§ ASSIGNMENT:
Restate each line below word for word, skipping every picture.

§ DATA:
====
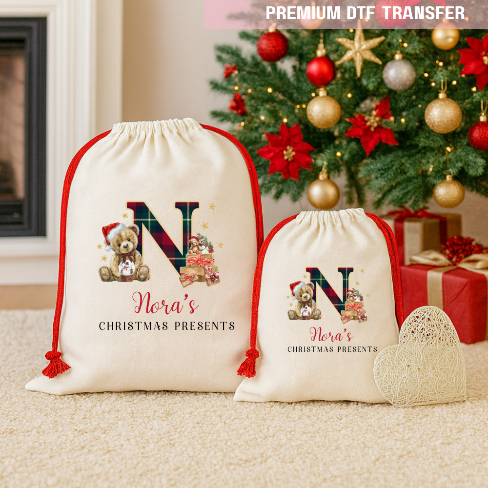 DTF Transfer - My First Christmas teddy present - DTF ready to press
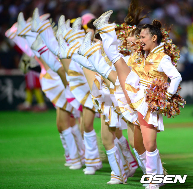 경기에 앞서 소프트뱅크 치어리더 멋진 공연을 선보이고 있다.
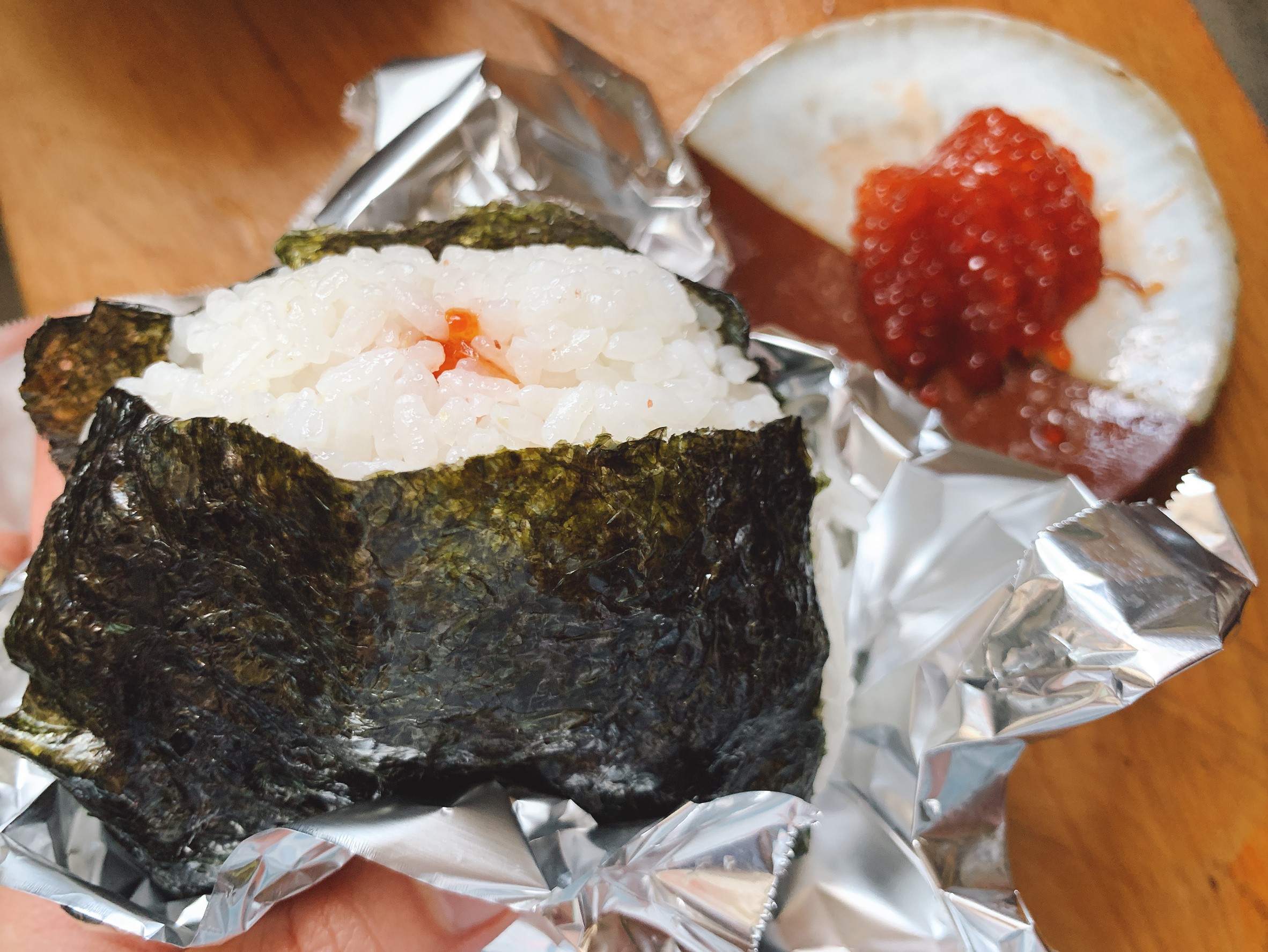 アルミホイルで包むと海苔の香りが海苔に残ったままになるけど、サランラップで包むと海苔の香りが米の中に吸収されて薄くなる。
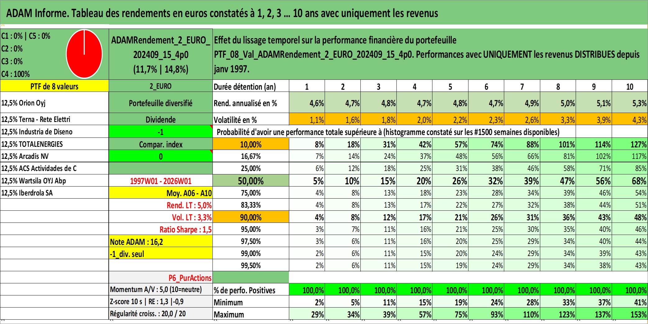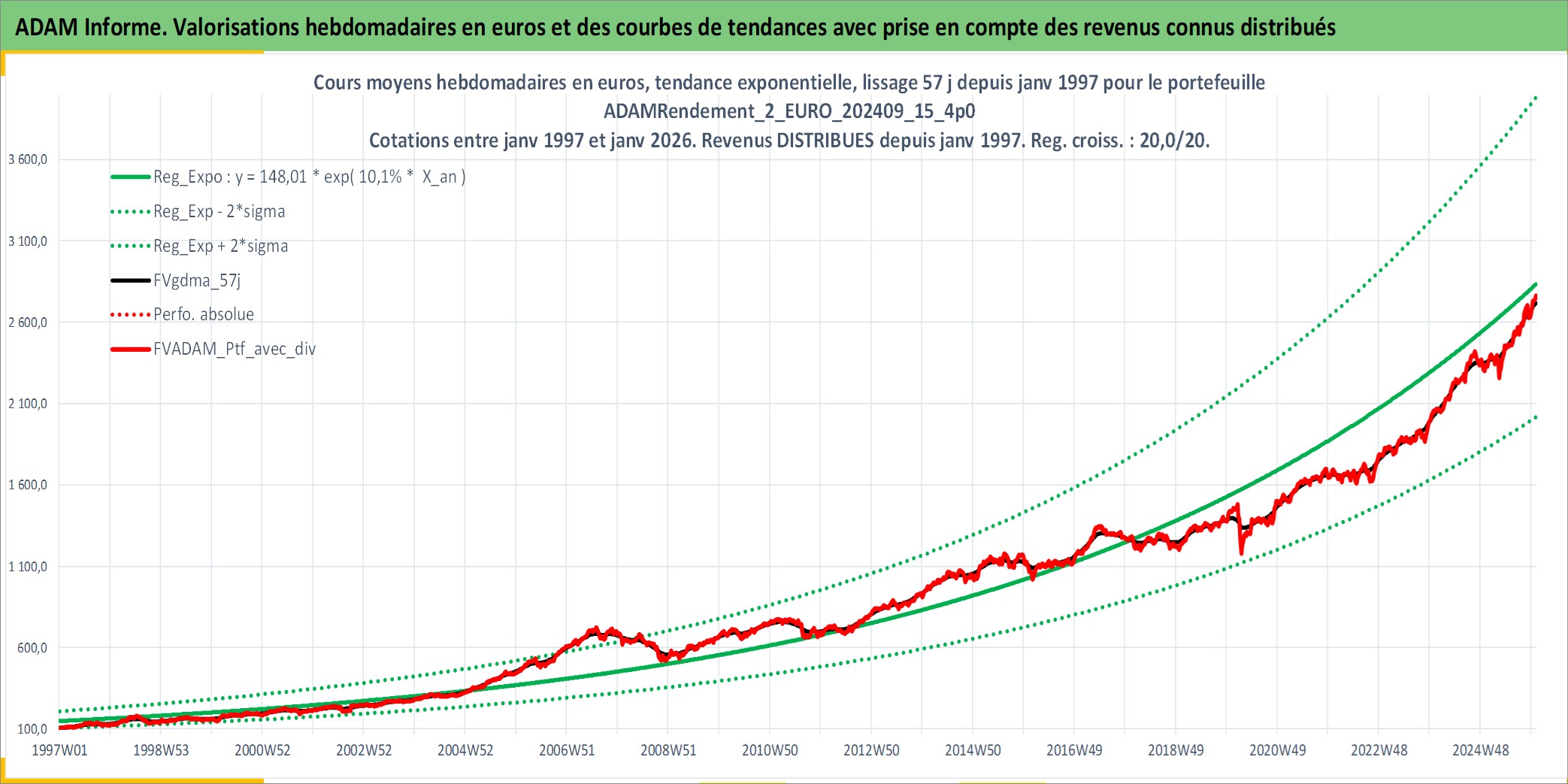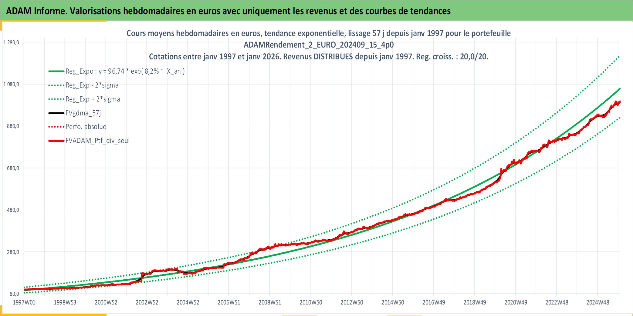 Site dédié aux investisseursPage dédiée sur site financeAnalyse des valorisations hebdomadaires du portefeuille ADAMRendement_2_EURO_202409_15_4p0_8actifs avec un profil P6_PurActions. Ce portefeuille est cote en EUR. Les valorisations couvrent les semaines 1997W01 a 2026W01. Les revenus de cet actif financier sont pris en compte depuis la semaine 1997W01. La note globale ESG de cet actif est estimee a 10.3 (apres rebasage entre 0 et 20).
====
§ REPLY TO THE TASK:
 DTF Transfer - My First Christmas teddy present - DTF ready to press
 경기에 앞서 소프트뱅크 치어리더 멋진 공연을 선보이고 있다.
 アルミホイルで包むと海苔の香りが海苔に残ったままになるけど、サランラップで包むと海苔の香りが米の中に吸収されて薄くなる。
 Site dédié aux investisseursPage dédiée sur site financeAnalyse des valorisations hebdomadaires du portefeuille ADAMRendement_2_EURO_202409_15_4p0_8actifs avec un profil P6_PurActions. Ce portefeuille est cote en EUR. Les valorisations couvrent les semaines 1997W01 a 2026W01. Les revenus de cet actif financier sont pris en compte depuis la semaine 1997W01. La note globale ESG de cet actif est estimee a 10.3 (apres rebasage entre 0 et 20).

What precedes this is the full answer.